Среди этого бурелома, скрытые долгомохом, кустами, лишайниками и свежей травой, лежали камни, валуны и плиты. Ими были выстланы все пади между сопками. Эти камни за много лет покрылись тонким слоем земли, заросли травой, превратились в скользкие, мокрые бугры и кочки. Между ними зияли дыры, там глубоко журчала невидимая вода. Того и гляди упадешь, сломаешь ногу. А эти каменные заросшие россыпи чередовались с чавкающими, зыбкими болотами.
Славка вдруг впервые почувствовала, какая она грузная. Уже через час она едва тащилась по всем этим дебрям, задыхаясь, как старуха. За этот час испарилось ее книжное представление о геологах.
Караван продирался вперед, то взбираясь в сосняках на южные склоны-увалы, то в гущине лиственничных зарослей спускаясь по северным склонам-сиверам.
Славку облепляли кровососы-комары и слепни. Обливаясь потом, она карабкалась на сопки или на дне пади прыгала с кочки на кочку. Не видя в траве ям и камней, она постоянно запиналась и проваливалась в жидкую грязь, в ботинках ее хлюпало, шаровары до колен были мокры. Она лезла через завалы сучковатых буреломин, иногда падала, изнемогая, шла напролом через сплошные заросли кустов. Ударившись щиколоткой или коленом, она стискивала зубы, чтобы не застонать. Рот пересыхал от жажды, стертые ноги горели, руки и лицо были в царапинах и в кровавых пятнах от расплющенных слепней и комаров. Ей казалось, что она сейчас упадет и не поднимется. Лучше умереть здесь от голода, пусть лучше уж разорвут волки, чем так идти и идти по этой немыслимой дороге. Но приходилось напрягать все силы и прыгать через обгорелые, с острыми сучками лиственницы, карабкаться на сопку.

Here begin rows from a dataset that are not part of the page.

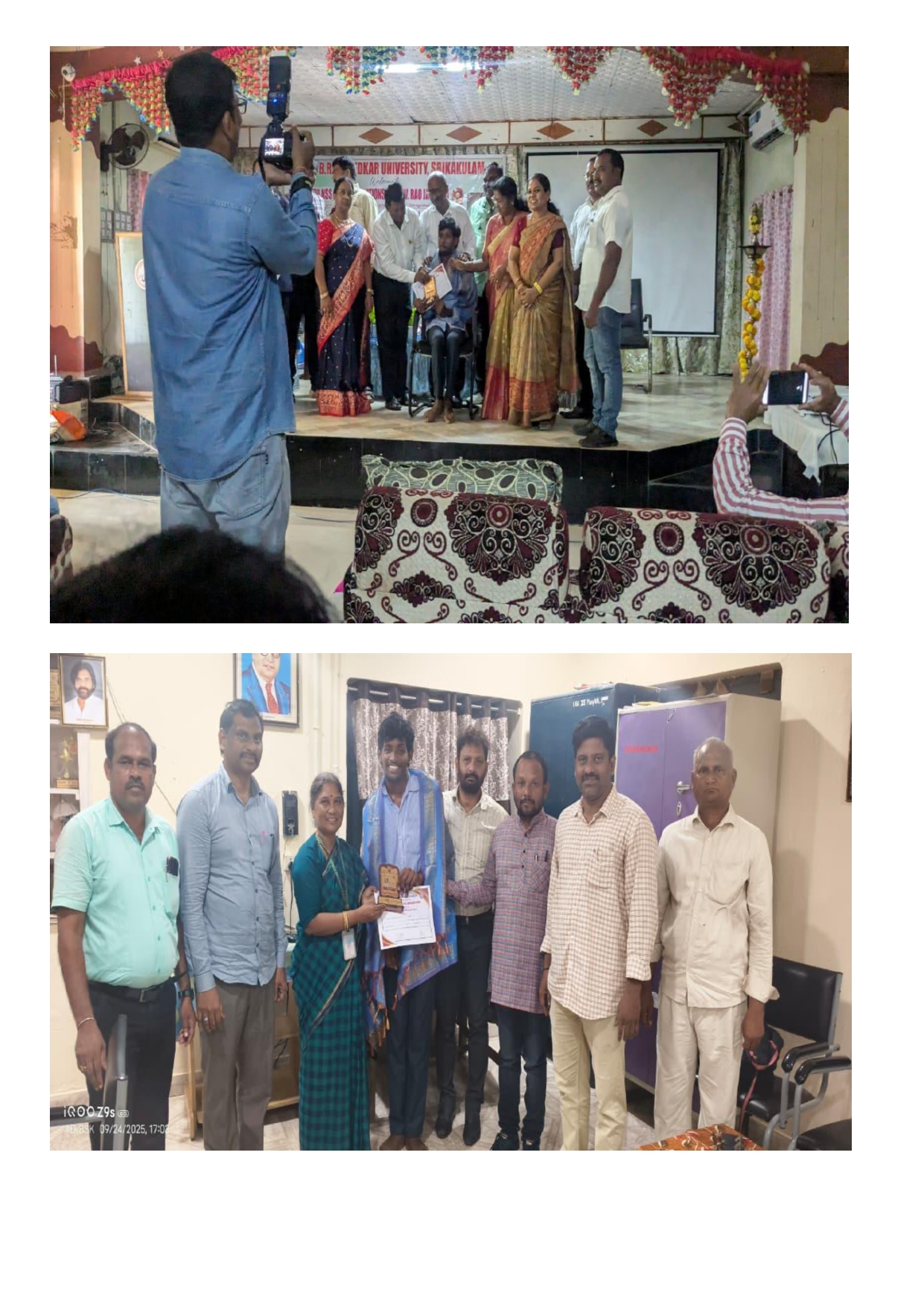 NSS Day was grandly celebrated at Dr. B.R. Ambedkar University on 24th September 2025. Raju, a III B.A. student from our college, received a prize for his excellent performance in the event.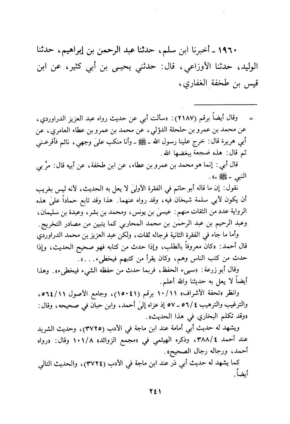 1960 - أخبرنا ابن سلم، حدثنا عبد الرحمن بن إبراهيم، حدثنا الوليد، حدثنا الأوزاعي، قال: حدثني يحيى بن أبي كثير، عن ابن قيس بن طخفة الغفاري،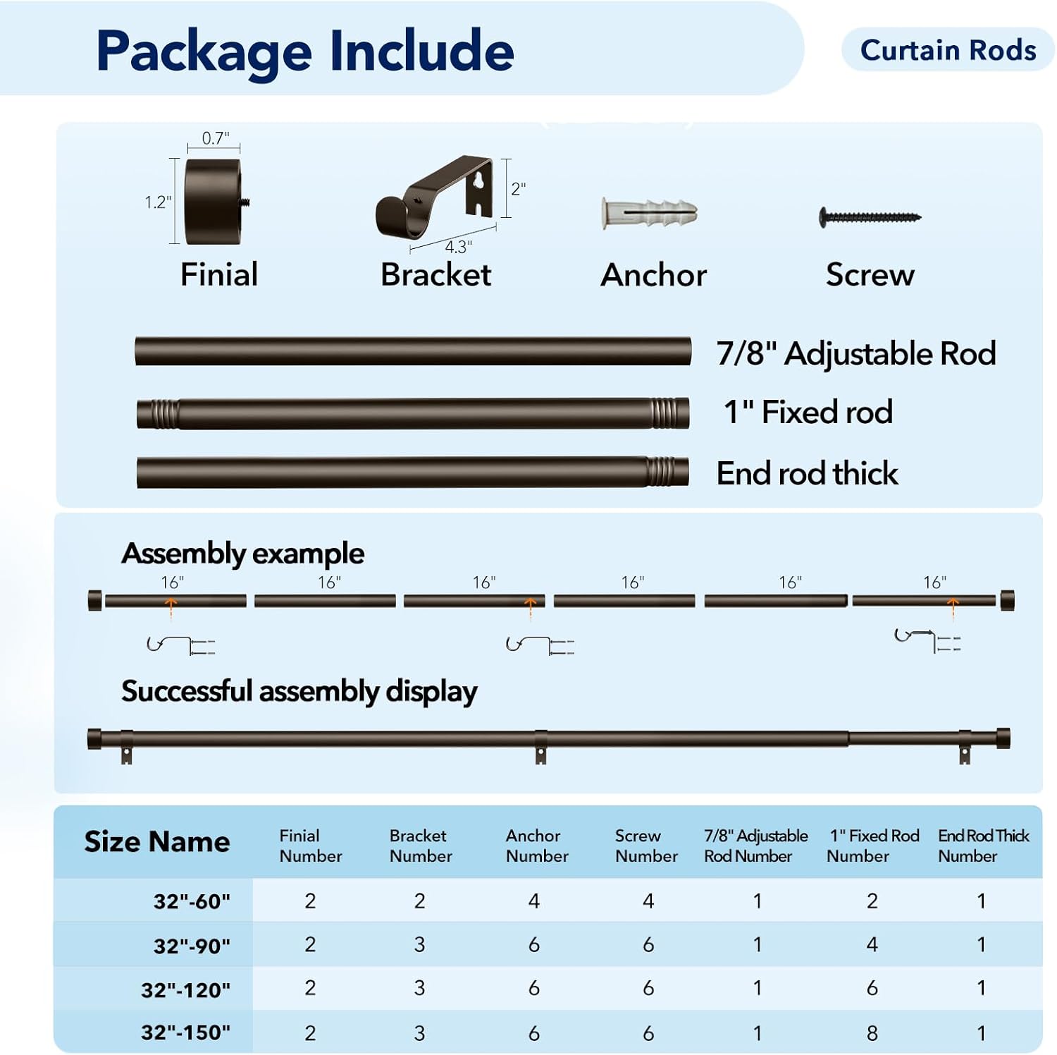 - Easy to Install: Adjustable curtain rod structure is designed to avoid troubles caused by small measurement errors. The heavy duty curtain rods can be easily assembled in a few simple steps. The curtain rods comes with all the hardware needed for easy installation, including brackets, screws, drywall anchors and installation instructions.

Не лучше чувствовал себя и Палей, который тоже впервые шел в такой маршрут. Но Грузинцев, Петрович и Посохов, знавшие дороги и похуже, шли уверенно, прыгали через завалы и по камням ловко и умело.
Ася хоть и устала, но не до изнеможения. Она была легкой и проворной.
Жалко было измученных лошадей. Когда спускались по ключу к устью пади, на глазах Славки Воронко Бянкина вдруг провалился задними ногами, рванулся и тут же провалился передними.
— Тихо, тихо, глупый, тихо, — уговаривал его Бянкин. — Сюда иди, сюда. Здесь тверже.
К нему подбежали Грузинцев, Космач, Палей. Подхватили вьюки, стали гнать лошадь в нужную сторону. Воронко тяжело поводил боками, обезумевшие глаза его выкатились.
— Ишь ты какой нервный! Прямо психопат! Но-о, кляча! — закричал Космач и замахнулся, дернул повод. Воронко, разбрызгивая грязь, вырвал из болота передние ноги, но тут же повалился на бок, под ним затрещала гнилая колодина. Хрипя, заваливаясь на вьюки, он бился, дрыгал в воздухе грязными ногами.
Славка и Ася испуганно смотрели, как хлещется по кочкам большое животное, нелепо задрав ноги, вытаращив глаза, оскалив зубы.
Поднять Воронко так и не смогли. Грузинцев велел развьючивать коня, а сам сделал несколько кругов по болоту, отыскивая место посуше. Потом взял за повод большого рыжего коня с гордо поднятой головой, огладил его, называя ласковыми именами, и повел. Рыжко шел спокойно. Вот он провалился задними ногами, сел на кочки. Грузинцев не стал его тянуть. Рыжко, всю жизнь служивший геологам, умелыми прыжками, иногда проваливаясь по брюхо, миновал трясину и, огромный, могучий, вымахнул на сухое место. Грузинцев опять ласково огладил его, обтер пучком травы. Рыжко был любимцем геологов.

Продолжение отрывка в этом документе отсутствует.